• **Source records**
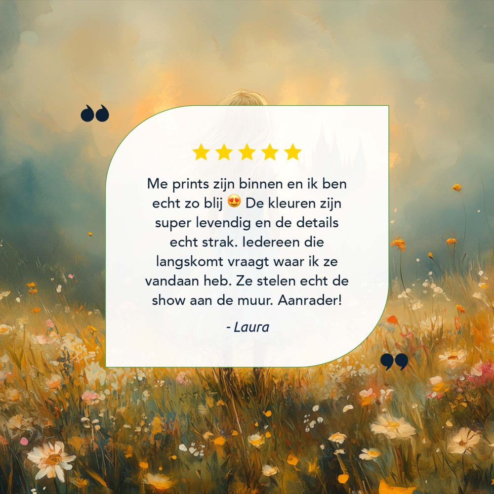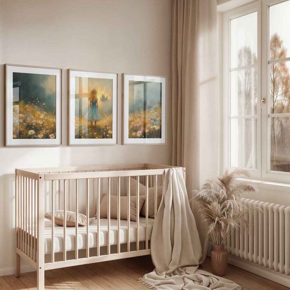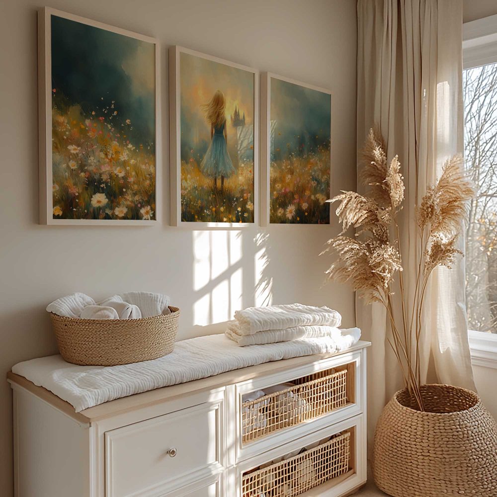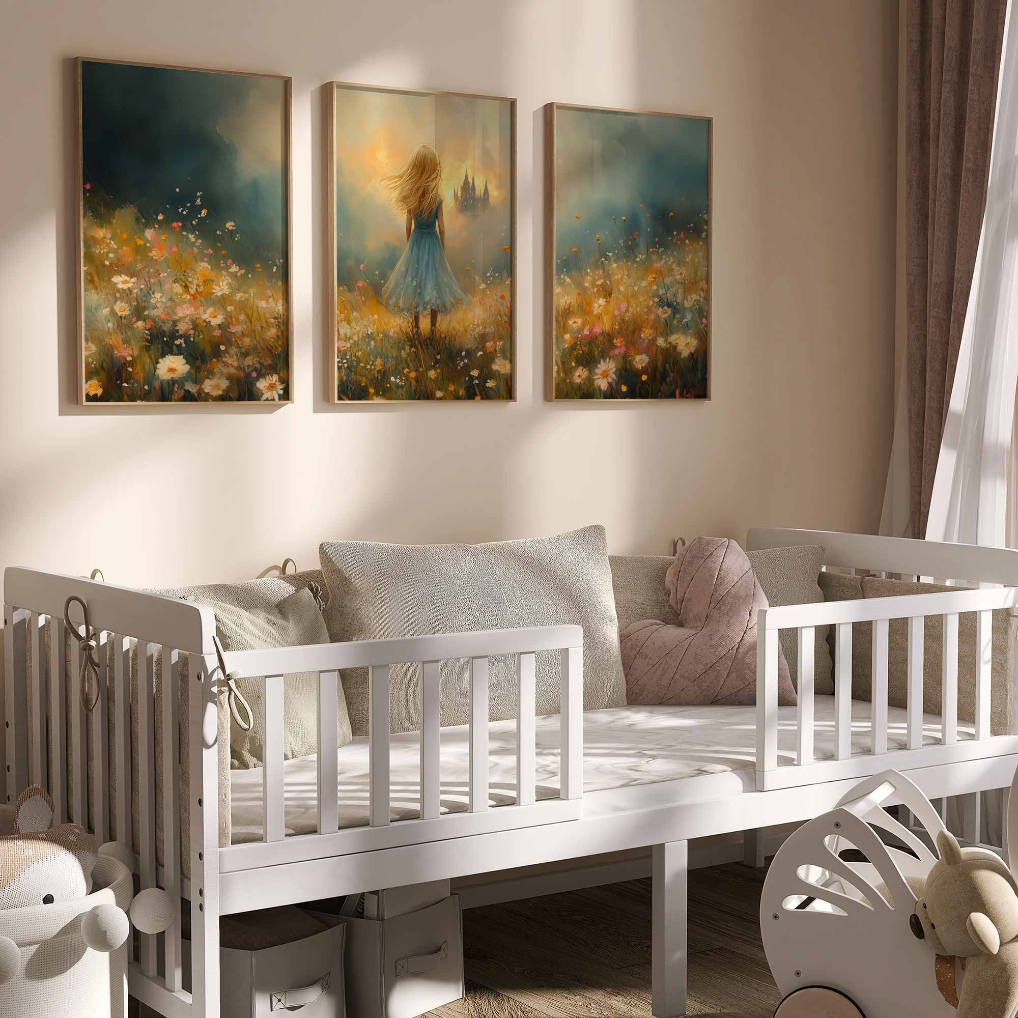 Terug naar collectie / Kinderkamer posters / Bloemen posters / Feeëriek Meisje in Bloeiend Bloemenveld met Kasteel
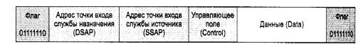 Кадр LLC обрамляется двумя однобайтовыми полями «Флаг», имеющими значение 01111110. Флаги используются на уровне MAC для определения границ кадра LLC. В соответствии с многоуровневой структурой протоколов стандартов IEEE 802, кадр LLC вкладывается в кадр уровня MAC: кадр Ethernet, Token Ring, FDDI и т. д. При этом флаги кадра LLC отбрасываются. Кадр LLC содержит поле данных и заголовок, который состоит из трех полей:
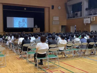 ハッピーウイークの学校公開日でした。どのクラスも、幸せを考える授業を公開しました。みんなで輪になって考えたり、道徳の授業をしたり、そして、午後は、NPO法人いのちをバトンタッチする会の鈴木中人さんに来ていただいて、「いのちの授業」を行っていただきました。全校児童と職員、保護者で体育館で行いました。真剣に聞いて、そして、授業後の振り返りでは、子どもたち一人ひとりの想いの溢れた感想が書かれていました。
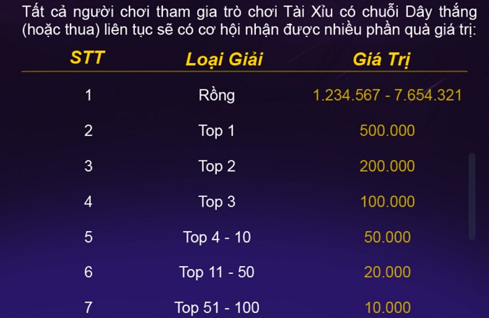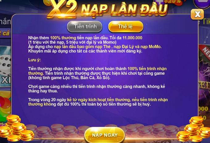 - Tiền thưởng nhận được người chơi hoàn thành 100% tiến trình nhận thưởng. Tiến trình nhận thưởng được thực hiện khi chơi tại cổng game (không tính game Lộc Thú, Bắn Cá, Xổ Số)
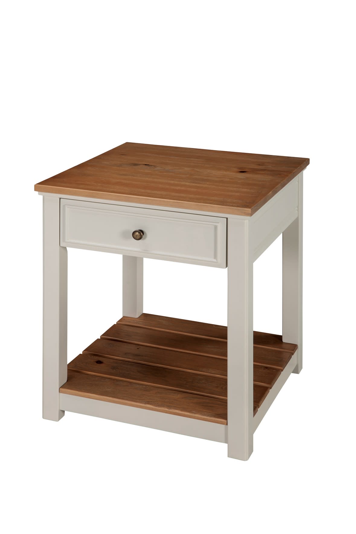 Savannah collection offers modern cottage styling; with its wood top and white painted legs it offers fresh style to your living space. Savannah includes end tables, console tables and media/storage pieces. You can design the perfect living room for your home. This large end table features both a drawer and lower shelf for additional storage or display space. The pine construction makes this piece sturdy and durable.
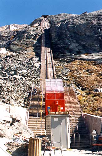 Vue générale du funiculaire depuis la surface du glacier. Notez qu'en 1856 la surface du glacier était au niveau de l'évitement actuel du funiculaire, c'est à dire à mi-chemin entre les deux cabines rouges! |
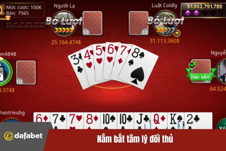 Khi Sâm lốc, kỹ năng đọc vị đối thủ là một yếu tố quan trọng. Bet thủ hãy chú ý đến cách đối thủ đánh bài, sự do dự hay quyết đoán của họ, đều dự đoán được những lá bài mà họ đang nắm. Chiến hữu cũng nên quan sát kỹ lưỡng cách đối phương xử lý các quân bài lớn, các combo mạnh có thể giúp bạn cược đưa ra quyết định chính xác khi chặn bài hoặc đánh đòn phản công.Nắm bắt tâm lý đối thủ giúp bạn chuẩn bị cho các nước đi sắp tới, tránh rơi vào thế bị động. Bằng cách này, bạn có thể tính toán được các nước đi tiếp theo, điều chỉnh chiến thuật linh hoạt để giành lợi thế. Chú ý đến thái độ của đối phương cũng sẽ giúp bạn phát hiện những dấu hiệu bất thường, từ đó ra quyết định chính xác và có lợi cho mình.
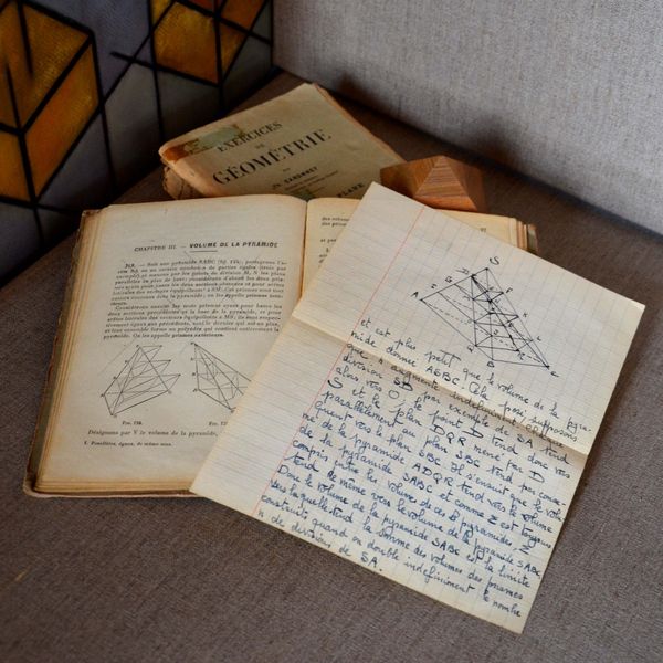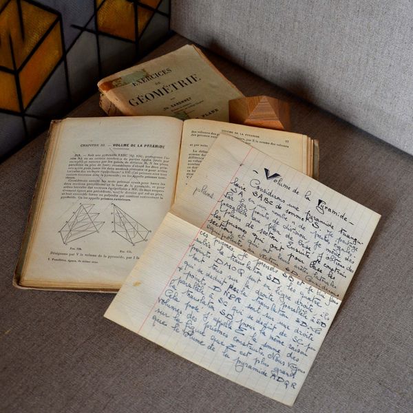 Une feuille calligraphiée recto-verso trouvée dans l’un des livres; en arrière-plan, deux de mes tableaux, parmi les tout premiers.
--
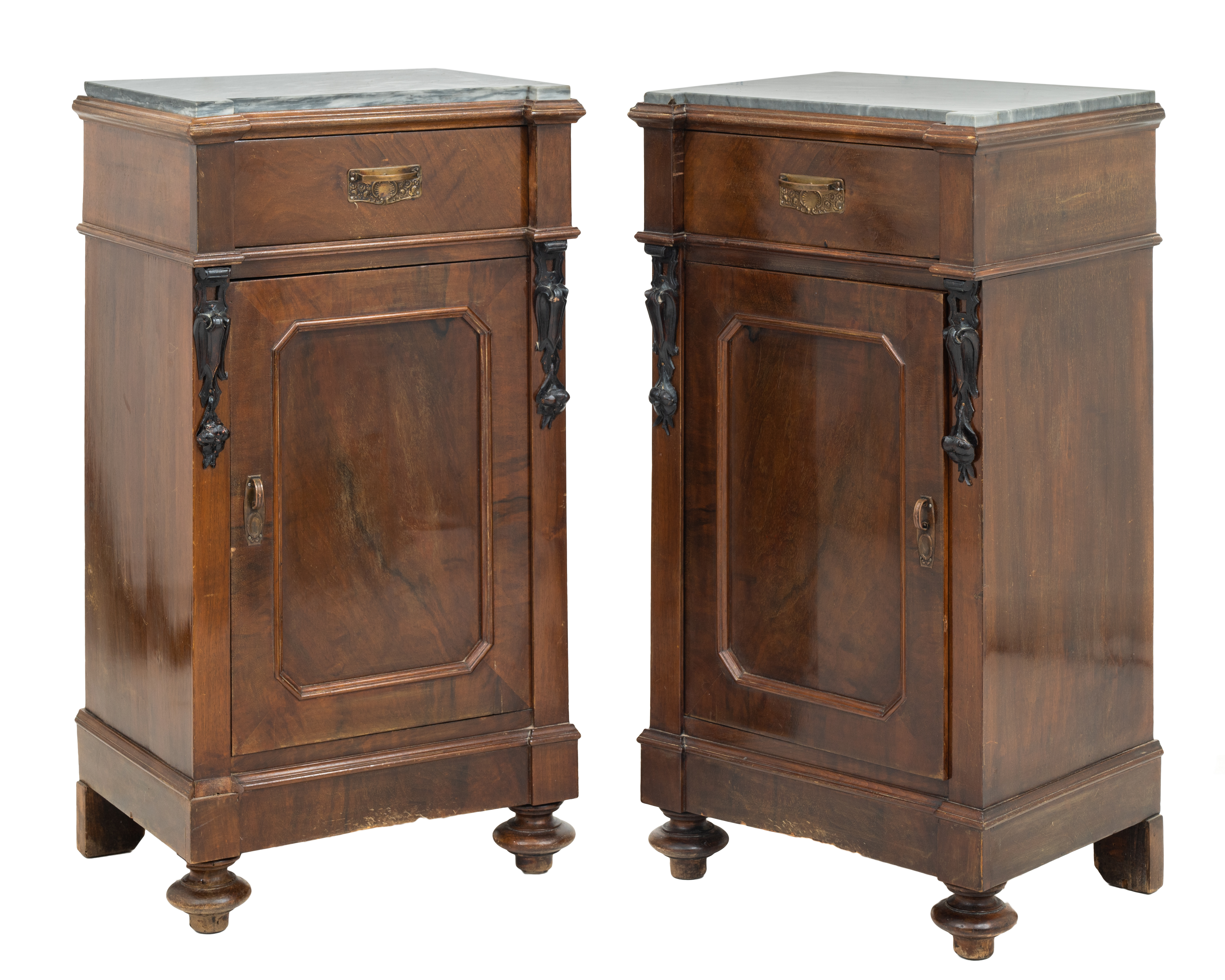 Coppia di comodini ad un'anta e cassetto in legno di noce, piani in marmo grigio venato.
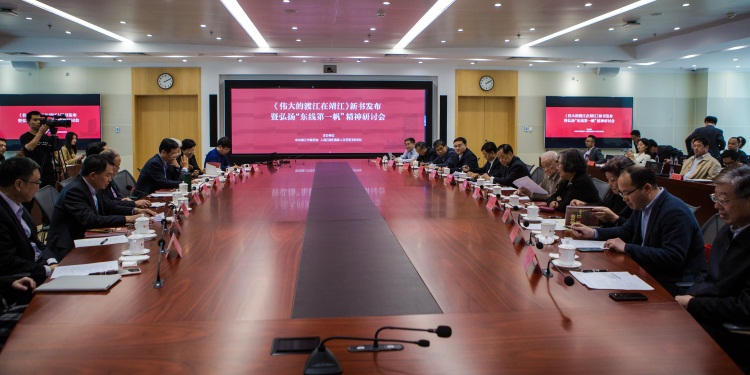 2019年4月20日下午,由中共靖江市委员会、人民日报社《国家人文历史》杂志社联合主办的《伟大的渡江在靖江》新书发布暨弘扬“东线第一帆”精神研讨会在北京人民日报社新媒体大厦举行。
==
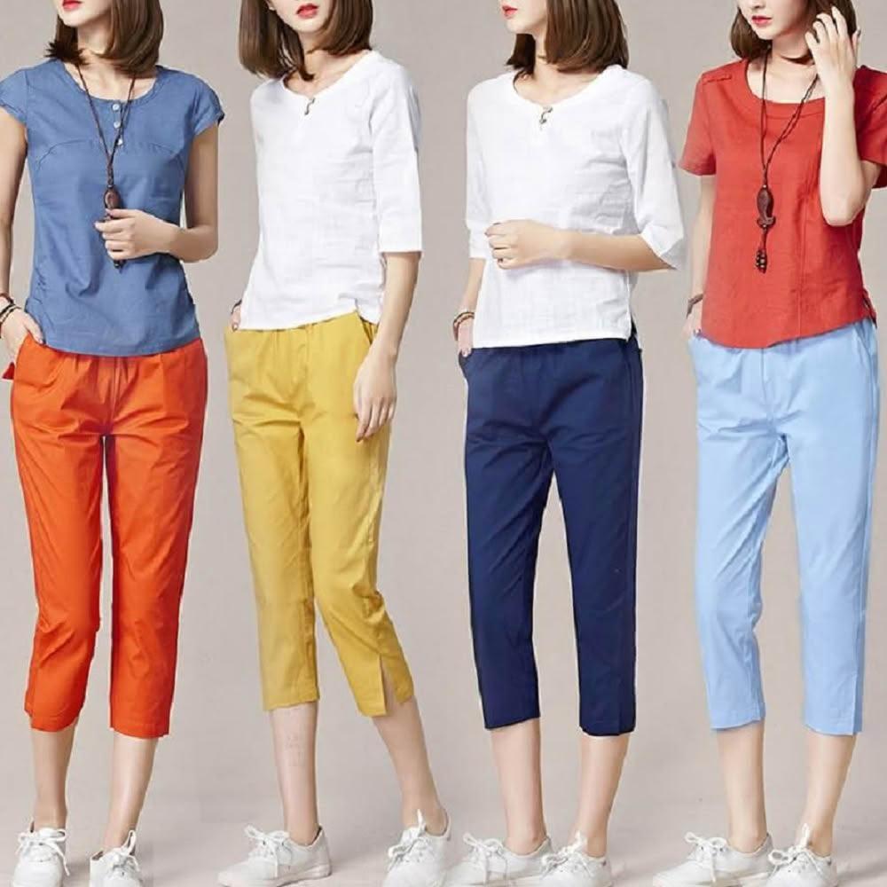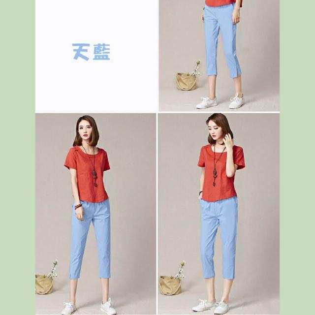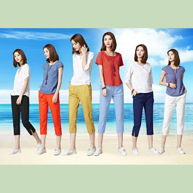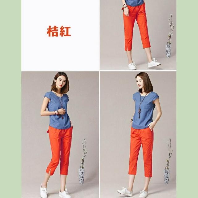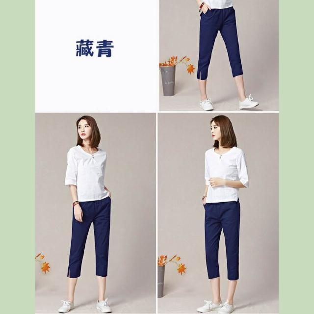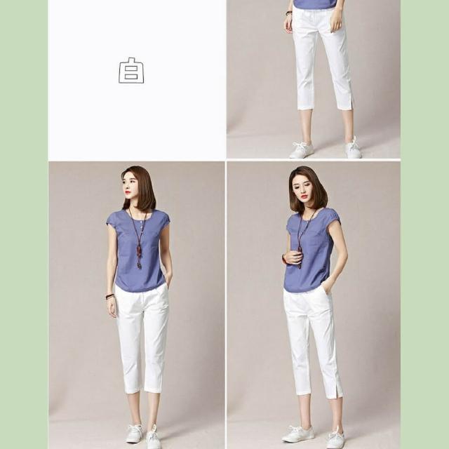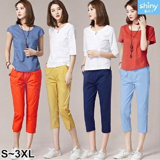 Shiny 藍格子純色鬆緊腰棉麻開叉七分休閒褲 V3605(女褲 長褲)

• **What the exercise asks**
Give again, exactly as written above, every line from the one holding "Terug naar collectie" to the one holding "Кадр LLC обрамляется", with both ends kept and the pictures left out.

• **The answer**
 Terug naar collectie / Kinderkamer posters / Bloemen posters / Feeëriek Meisje in Bloeiend Bloemenveld met Kasteel
 Кадр LLC обрамляется двумя однобайтовыми полями «Флаг», имеющими значение 01111110. Флаги используются на уровне MAC для определения границ кадра LLC. В соответствии с многоуровневой структурой протоколов стандартов IEEE 802, кадр LLC вкладывается в кадр уровня MAC: кадр Ethernet, Token Ring, FDDI и т. д. При этом флаги кадра LLC отбрасываются. Кадр LLC содержит поле данных и заголовок, который состоит из трех полей:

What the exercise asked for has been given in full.